L’esperto risponde

­­­­­Quali sono i disturbi del sonno nel bambino?

I disturbi del sonno si presentano in maniera differenziata rispetto alle diverse età. Nei primi 3 anni di vita prevale l’insonnia mentre in età prescolare prevalgono i disturbi respiratori notturni (legati prevalentemente all’ipertrofia adenotonsillare tipica di questa età).

In età prescolare e scolare iniziano a comparire le parasonnie rappresentate in primis dai terrori notturni (pavor nocturnus) e dal sonnambulismo. Queste stesse parasonnie possono presentarsi anche in età scolare, insieme all’enuresi, agli incubi e alle paure all’addormentamento.

In età adolescenziale si assiste ad un fisiologico aumento della sonnolenza diurna che però contrasta con gli stili di vita dell’adolescente e quindi si presentano i disturbi del ritmo circadiano, rappresentati prevalentemente dalla fase di sonno ritardata (con spostamento dell’orario di addormentamento e di risveglio, specie nei week-end).

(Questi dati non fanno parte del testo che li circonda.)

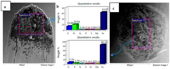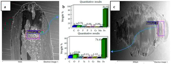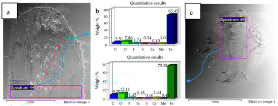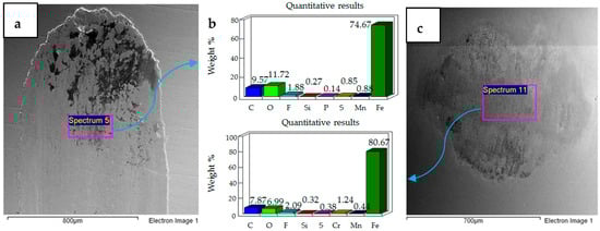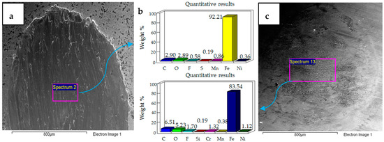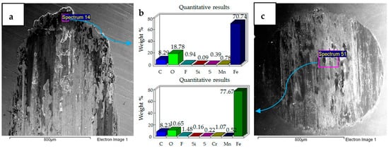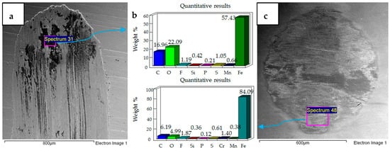SEM micrographs of 20 N, 20 °C are presented in Figure 5. Compared to 10 N/20 °C, 20 N/20 °C operating conditions produced more abrasive wear of both the flat and ball samples. EDS analysis also revealed the transfer of particles from the ball onto the flat circular specimen, along with the presence of oxygen and fluorine on the rubbing surfaces.

Quali sono i disturbi più frequenti?

Sicuramente l’insonnia seguita dalle parasonnie, dai disturbi respiratori in sonno, dai disturbi del ritmo circadiano e dalle ipersonnie.

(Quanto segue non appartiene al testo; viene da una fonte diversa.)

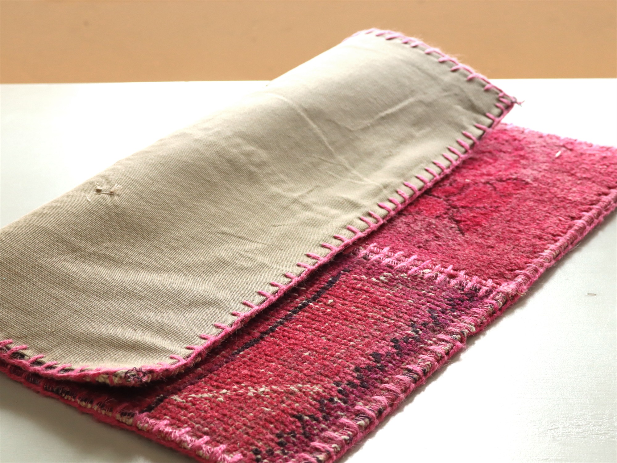 ダメージが多く、使われなくなった古い手織りカーペットを仕立て直したパッチワーク・ラグです。当店では、アナトリア(トルコ地方)のオールドカーペットのみを使い、縫い合わせ部分もミシンを使わず、手作業ではぎ合わせてあります。裏面にはコットン地が張り合わされています。ラグ(カーペット)自体は、パイル(毛足)が擦り減っているところなどが多々ありますが、使い古したラグならではの風合いとご理解ください。

La prevalenza dell’insonnia varia con il variare dell’età: nei primi due anni è intorno al 20-30% e dai 3 anni in poi rimane costante intorno al 15%. Nella maggior parte dei casi l’insonnia è l’espressione di un’alterazione dei processi fisiologici piuttosto che di una vera e propria patologia.

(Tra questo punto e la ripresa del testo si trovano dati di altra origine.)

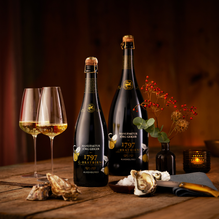 Die Manufaktur Jörg Geiger ist bekannt für ihre alkoholfreien PriSeccos und stellt bereits seit 2003 alkoholfreie Kompositionen her. Neben der bunten Vielfalt an PriSeccos gibt es noch den alkoholfreien Schaumwein CBB. CBB abgekürzt für Champagner-Bratbirne ist hier der Star des Geschmacks. Dezente Süße und harmonisch ausgeglichen zwischen Säure und Gerbstoffen. Das besondere ist die seltene, uralte Obstsorte Champagner-Bratbirne. In Württemberg wächst sie noch - auf über 100 Jahre alten Bäumen.
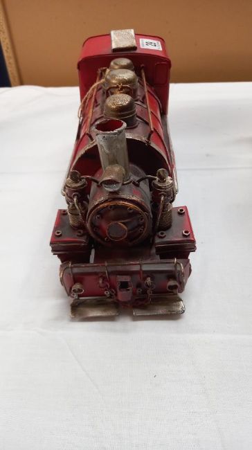 A pressed steel tinplate model ornament of a steam train length 33cm

La base eziopatogenetica è quasi sempre rappresentata dalle interazioni di variabili fisiologiche, genetiche e comportamentali, in cui importanza rilevante hanno i fattori relativi alle figure genitoriali (comportamenti errati dei genitori all’addormentamento e durante i risvegli, modalità di alimentazione, cosleeping, ecc.). Solo in circa il 20% dei casi l’insonnia riconosce cause organiche ed in alcune patologie l’alterazione del sonno rappresenta, a volte, uno dei sintomi più evidenti (otite, reflusso gastroesofageo, allergie, ecc.). Se invece di insonnia parliamo di altri disturbi come le parasonnie e l’ipersonnia la prevalenza scende notevolmente.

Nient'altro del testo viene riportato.